On 24 May 2017, Jiménez was showering in the morning when she heard clashes between the National Guard and protesters in her neighborhood in La Isabelica. National Guardsmen were firing tear gas and shotguns at protesters, attempting to disperse them when Jiménez shouted from her balcony to neighbors to begin recording their actions. The National Guardsmen recognized Jiménez and fired their shotguns at her, hitting her in the arm. After being hit by pellets, she still attempted to assist a man onto the roof who was fleeing repression, though she was shot once more and fell from the roof onto the garage, fracturing her leg. The National Guardsmen, thinking they had killed her, shouted "You got them!" and fled the scene, firing one last tear gas canister into her apartment where Jiménez's son was hiding. The man Jiménez had attempted to help was left laying in the parking lot, with shotgun pellets wounds inflicted upon his body.

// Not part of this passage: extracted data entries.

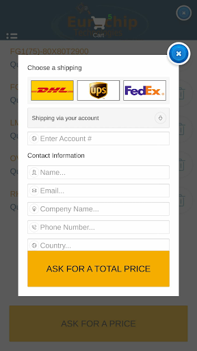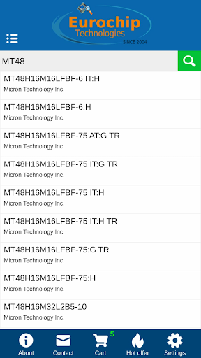 Eurochip Technologies app allows you to get a quote and buy electronic components. You could find your electronic components and view in-stock/availability through a friendly search engine and with the ability to build up your cart and get a quotation.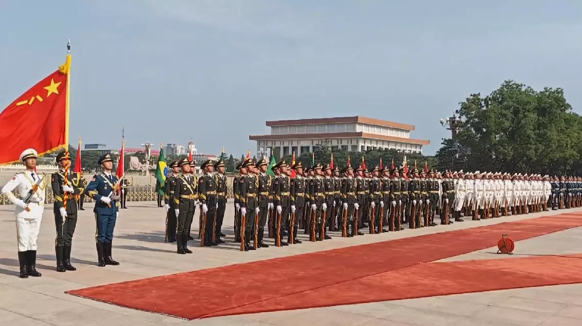 Chinese President Xi Jinping is about to hold a welcome ceremony for visiting Brazilian President Luiz Inacio Lula da Silva at the square outside the east gate of the Great Hall of the People in Beijing on Tuesday afternoon.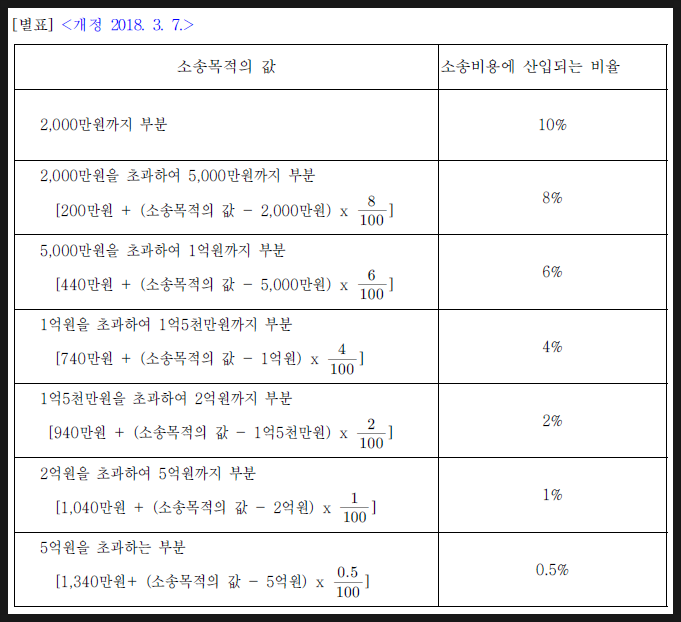 3. 소송목적의 값이 1억원 이상 10억원 미만인 경우에는 그 값에 1만분의 40을 곱한 금액에 5만5천원을 더한 금액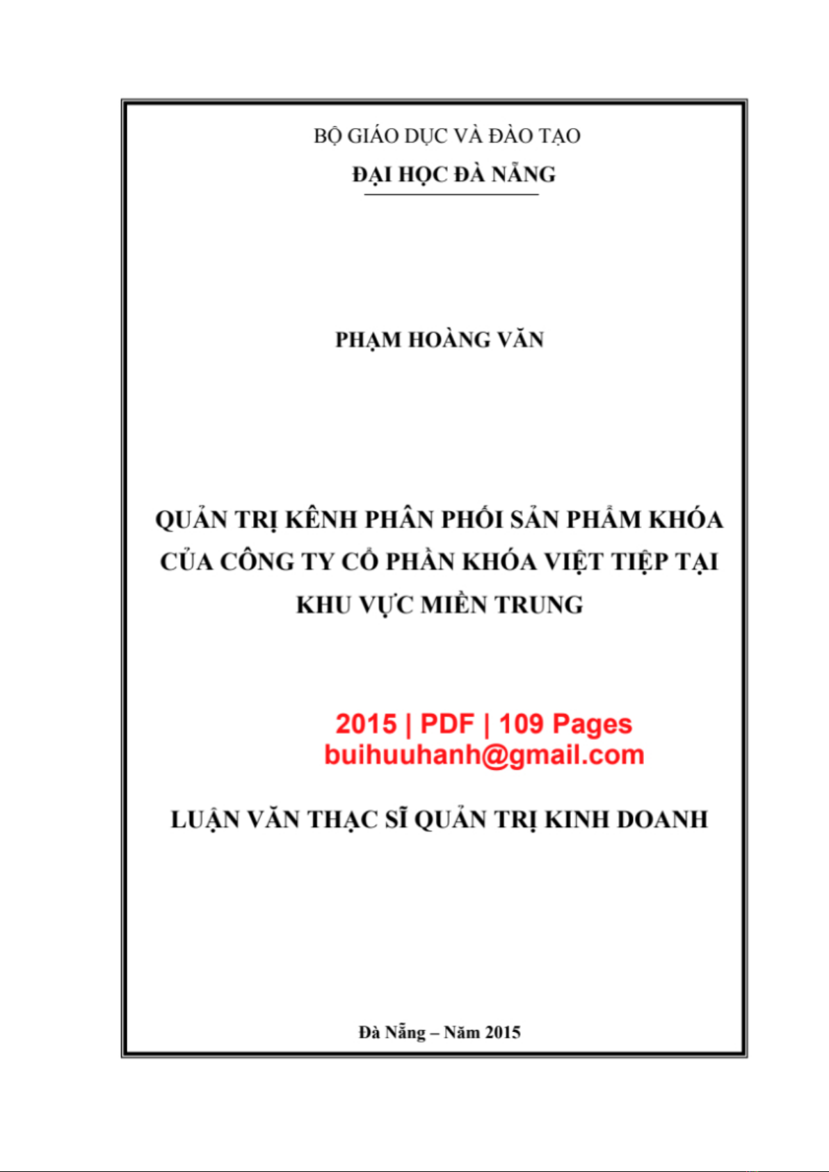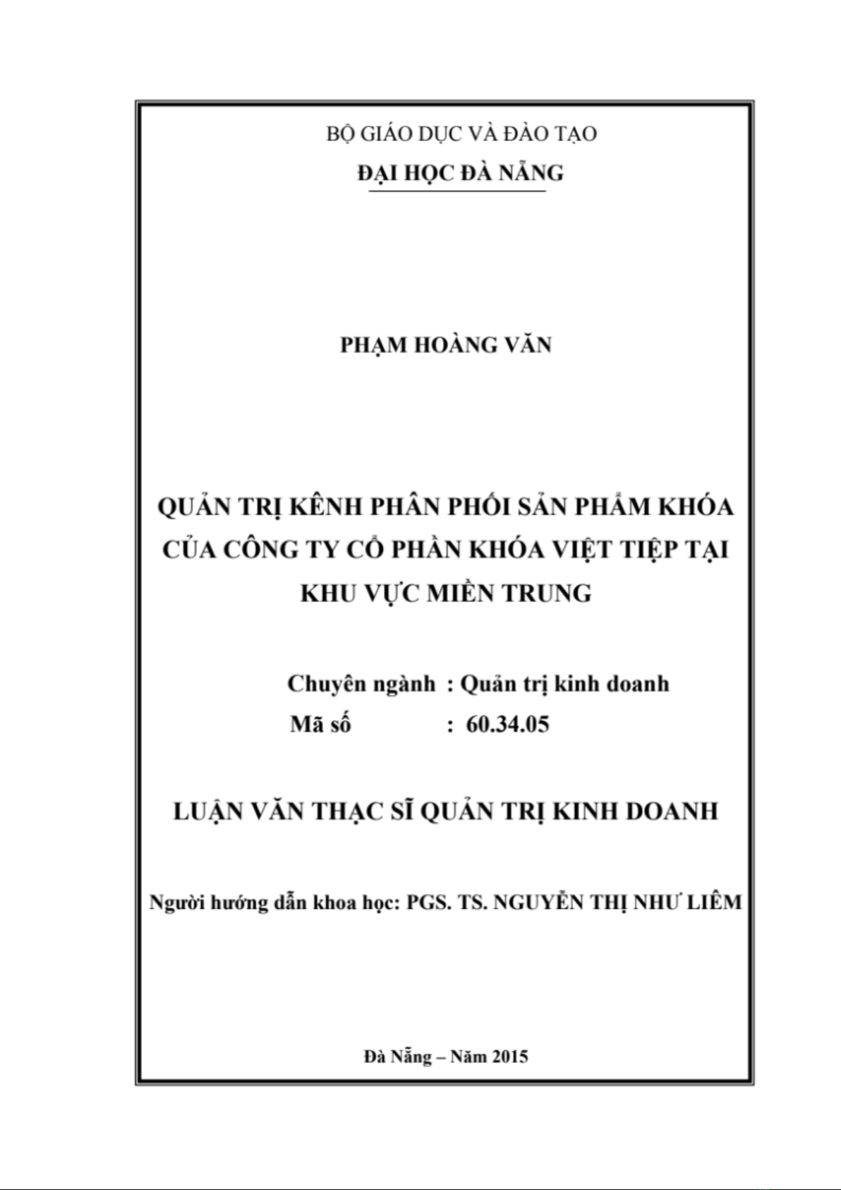 Luận văn Thạc sĩ Quản trị kinh doanh: Quản trị kênh phân phối sản phẩm khóa của Công ty cổ phần Khóa Việt Tiệp tại khu vực Miền Trung

Months later on 9 August 2017, SEBIN and CONAS agents raided the homes of her ex-husband and family, arresting them while searching for her.

==Activism==
Following the beating incident, Jiménez began to speak at demonstrations against the government. Jiménez also became a member of the Committee of Victims Against Repression in Venezuela. On 24 June 2014, she spoke at a demonstration called the "March for Independence" in Altamira organized by the Movimiento Estudiantil, where individuals such as María Corina Machado, Freddy Guevara and many other Venezuelans gathered to demand the release of students who were arrested. At the gathering, she also called on Venezuelans to show a large number in protests so "national government authorities are aware of rejection felt by the population".

As situations continued to deteriorate in Venezuela and protest grew once more in 2017, Jiménez called for protests. She stated that she did not fear death because it is imminent, explaining that her greatest fear was that the Venezuelan people would stop protesting.